In Apache Spark, where is "SPARK_HOME/launcher/target/scala-2.13" and how can I use it?

266 Views Asked by At

When I launch a Spark program in local-cluster mode, I got the following error:


17:45:33.930 [ExecutorRunner for app-20231004174533-0000/0] ERROR org.apache.spark.deploy.worker.ExecutorRunner - Error running executor
java.lang.IllegalStateException: Cannot find any build directories.
    at org.apache.spark.launcher.CommandBuilderUtils.checkState(CommandBuilderUtils.java:228) ~[spark-launcher_2.13-3.5.0.jar:3.5.0]
    at org.apache.spark.launcher.AbstractCommandBuilder.getScalaVersion(AbstractCommandBuilder.java:241) ~[spark-launcher_2.13-3.5.0.jar:3.5.0]
    at org.apache.spark.launcher.AbstractCommandBuilder.buildClassPath(AbstractCommandBuilder.java:195) ~[spark-launcher_2.13-3.5.0.jar:3.5.0]
    at org.apache.spark.launcher.AbstractCommandBuilder.buildJavaCommand(AbstractCommandBuilder.java:118) ~[spark-launcher_2.13-3.5.0.jar:3.5.0]
    at org.apache.spark.launcher.WorkerCommandBuilder.buildCommand(WorkerCommandBuilder.scala:39) ~[spark-core_2.13-3.5.0.jar:3.5.0]
    at org.apache.spark.launcher.WorkerCommandBuilder.buildCommand(WorkerCommandBuilder.scala:45) ~[spark-core_2.13-3.5.0.jar:3.5.0]
    at org.apache.spark.deploy.worker.CommandUtils$.buildCommandSeq(CommandUtils.scala:63) ~[spark-core_2.13-3.5.0.jar:3.5.0]
    at org.apache.spark.deploy.worker.CommandUtils$.buildProcessBuilder(CommandUtils.scala:51) ~[spark-core_2.13-3.5.0.jar:3.5.0]
    at org.apache.spark.deploy.worker.ExecutorRunner.org$apache$spark$deploy$worker$ExecutorRunner$$fetchAndRunExecutor(ExecutorRunner.scala:160) [spark-core_2.13-3.5.0.jar:3.5.0]
    at org.apache.spark.deploy.worker.ExecutorRunner$$anon$1.run(ExecutorRunner.scala:80) [spark-core_2.13-3.5.0.jar:3.5.0]
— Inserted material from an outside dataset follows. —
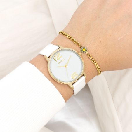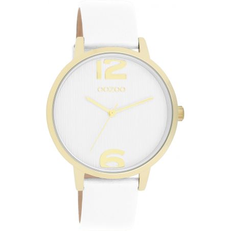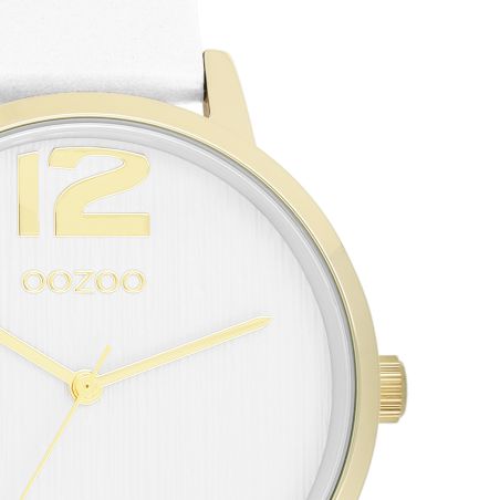 Stand out with this stunning round design for ladies from the trendy OOZOO Timepieces watch collection. Model C11340 features a white leather strap and a 38mm gold-colored metal watch case. Assert your style with elegance thanks to this white lined dial, its golden numerals and its matching hands. This essential watch for your wardrobe is equipped with a mineral glass and a metal case with IP plating, ensuring rugged durability. Its stainless steel back not only guarantees protection against nickel, but also absolute comfort. Powered by a Japanese 2ATM movement, it offers you reliable precision for all your adventures. Plus, get complete peace of mind with a 2-year warranty.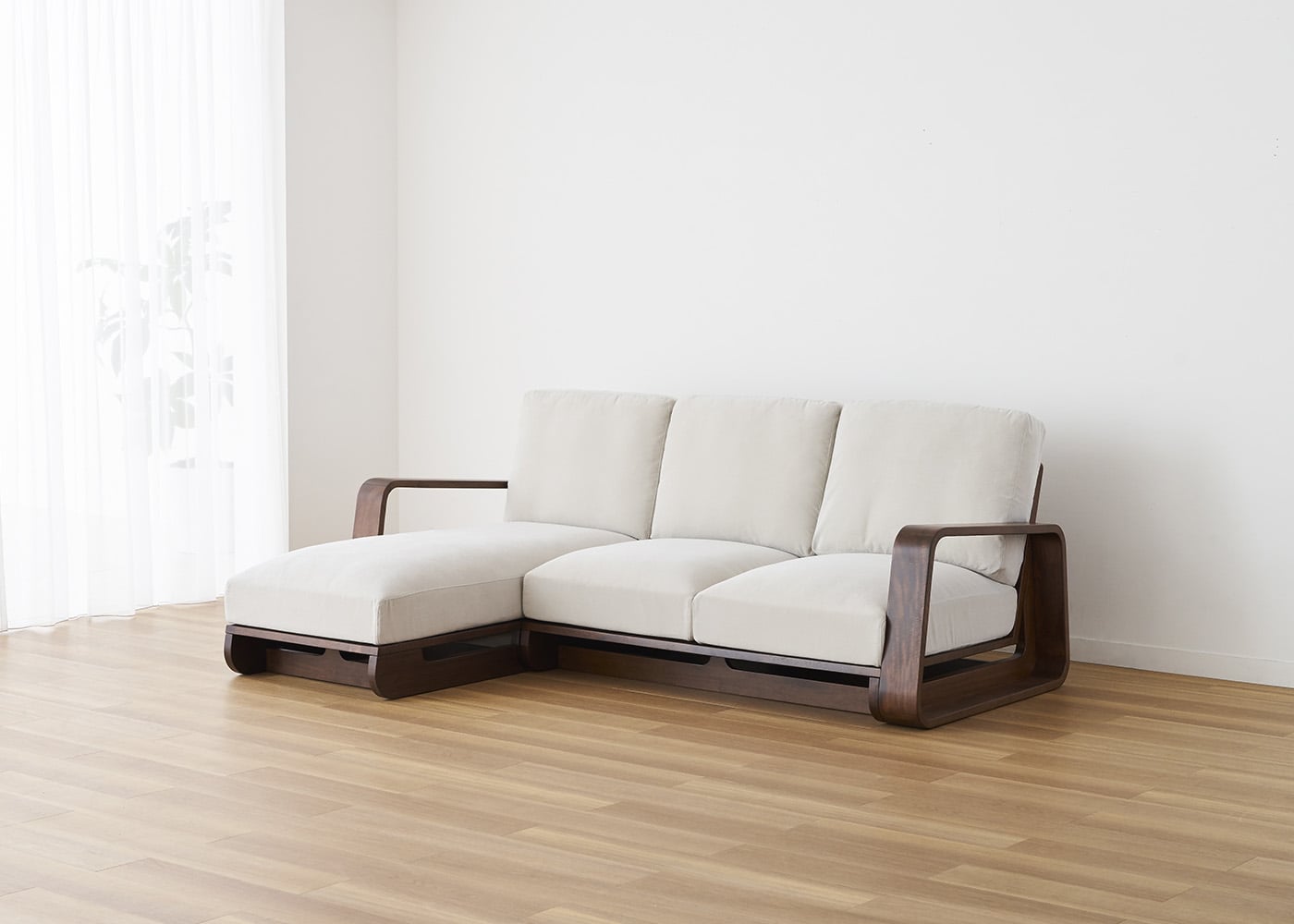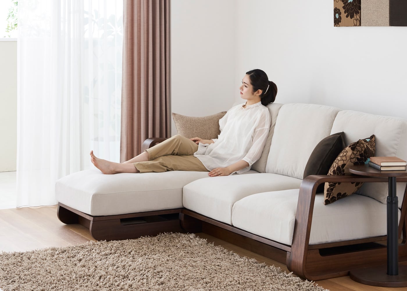 a.flatのソファはカバーの着せ替えができるのが魅力。約100色のファブリックから素材や色を選んで、あなただけのカラーコーディネートをお楽しみください。(別売、受注生産)

Analyzing source code of Spark leads to the following code snippets that causes the error:

(the following are part of Spark 3.5.0 source code: AbstractCommandBuilder.scala, line 227)


  String getScalaVersion() {
    String scala = getenv("SPARK_SCALA_VERSION");
    if (scala != null) {
      return scala;
    }
    String sparkHome = getSparkHome();
    File scala213 = new File(sparkHome, "launcher/target/scala-2.13");
    checkState(scala213.isDirectory(), "Cannot find any build directories.");
    return "2.13";
    // ...
  }

The intention of this function is to ensure the existence of "SPARK_HOME/launcher/target/scala-2.13" to ensure that the deployed Spark is compiled using the same Scala version. Unfortunately, this directory only exists on Spark project, the binary version of Spark doesn't have it:

enter image description here

Should this function be improved to be compatible with both distributions?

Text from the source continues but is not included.